Angelica asked. Now that she had let her mother in, a flood of love filled her. She knew that her mother loved her. What she had done for Angelica and Jovian had been done mostly out of love, and to keep them safe. She shook her head. It was foolish to be mad at her mother.

Thank you for that,
Sylvie said.
But right now we have bigger problems. You’ve dealt with this once before.

“No I haven’t,” Angelica said out loud.

“She’s right!” Jovian said. “In the Ravine of Aaridnay.”

“The Tall Stranger!” Angelica remembered.

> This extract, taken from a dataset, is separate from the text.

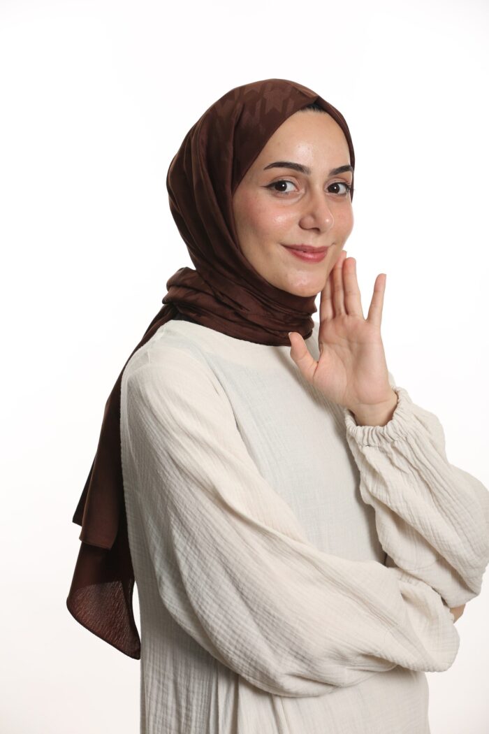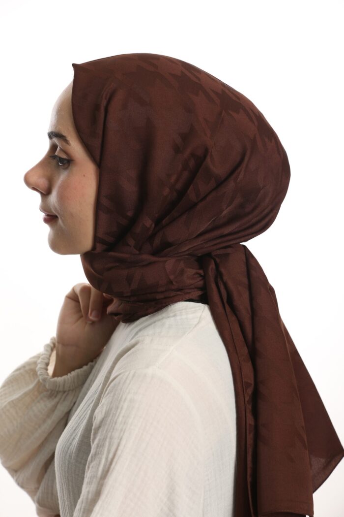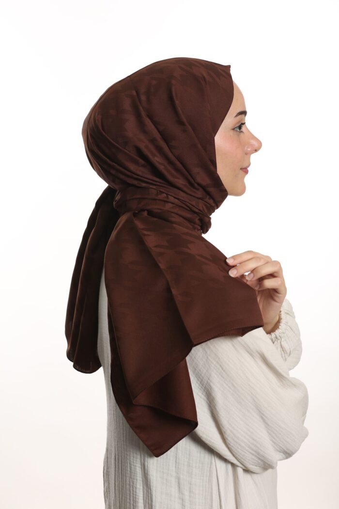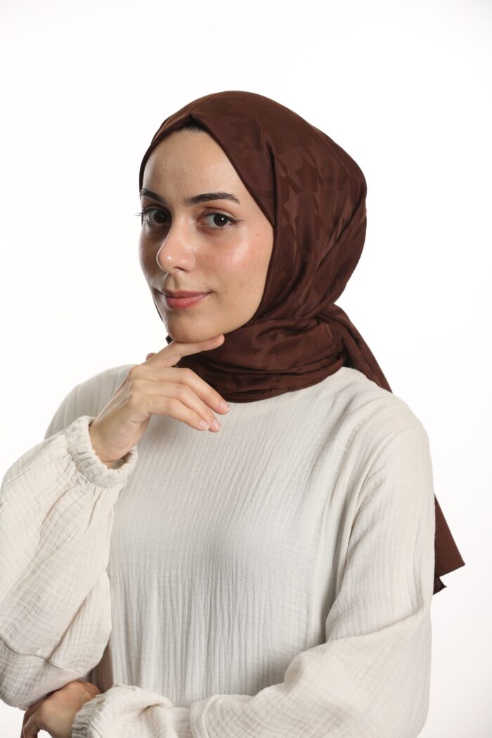 Jakar Şal Kaz Ayağı Desen Kahverengi - kevserscarf.com

Yes! You need to remove the wyrd from this sorcerer. There’s no way to get close enough to him to kill him; the only way to do it is to steal his wyrd.

“Perfect!” Angelica said. She smiled but her smile failed as the wall came down. It was easy for her to refuse that an alarist could do such a thing until she saw it.

“Yes, perfect. Now you just have to remember what you did,” Jovian said, no longer sounding sure.

“No, we can do this,” Angelica assured him.

“But I’ve never done it,” Jovian corrected, watching the sea of dwarves flood into the courtyard. Angelica heard the blast of Caldamron’s gun shoot from the common room window, and a volley of arrows and multi-hued wyrd streamed down on the enemy.

“I know, I need to focus,” Angelica said, closing her eyes.

Jovian shrugged, opened the window, and started showering those outside with red fire.

Angelica tried to remember what she had done, what she had felt in the ravine when she had stolen the wyrd from the Tall Stranger. She’d been afraid, but there was something more, something within her fear that she had felt, that she had done. It had all gone so fast. Joya was standing poised at the edge of the cliff, and then she was falling over the edge. Angelica had lashed out, somehow controlling her wyrd for that brief moment, and the storm had stopped.

But nothing was coming back to her. She opened her eyes and saw the bald sorcerer in the sea of dwarves, making his way to the doors of the keep.

Alright, focus,
Angelica told herself. But as she thought more about what she had to do, and wondered if she could do it, she became tense to the point that she couldn’t even feel her wyrd. Was it even something she had done with her wyrd? Or was it something else entirely?